§ What you need to do
Of the lines in the data below, write out exactly those from the one holding "Перечень комплектующих от" through the one holding "對查詢出來的聲音文件,可以選定一個或多個通過電話或聲卡播放。", both included.

§ Data records
# # # #

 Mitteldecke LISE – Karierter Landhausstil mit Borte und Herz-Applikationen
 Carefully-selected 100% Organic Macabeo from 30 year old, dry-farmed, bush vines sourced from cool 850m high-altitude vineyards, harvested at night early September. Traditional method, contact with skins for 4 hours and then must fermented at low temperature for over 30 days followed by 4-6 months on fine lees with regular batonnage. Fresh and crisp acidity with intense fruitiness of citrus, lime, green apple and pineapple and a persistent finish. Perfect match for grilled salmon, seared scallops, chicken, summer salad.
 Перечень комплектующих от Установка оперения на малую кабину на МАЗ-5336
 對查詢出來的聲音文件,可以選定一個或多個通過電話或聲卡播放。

# # # #

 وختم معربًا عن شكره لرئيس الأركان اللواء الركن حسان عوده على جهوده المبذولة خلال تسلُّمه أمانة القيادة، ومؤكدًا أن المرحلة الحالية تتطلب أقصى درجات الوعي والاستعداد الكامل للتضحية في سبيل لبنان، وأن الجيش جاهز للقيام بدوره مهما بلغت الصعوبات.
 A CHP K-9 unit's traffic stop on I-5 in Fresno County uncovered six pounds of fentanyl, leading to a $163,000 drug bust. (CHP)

# # # #

§ Output
 Перечень комплектующих от Установка оперения на малую кабину на МАЗ-5336
 對查詢出來的聲音文件,可以選定一個或多個通過電話或聲卡播放。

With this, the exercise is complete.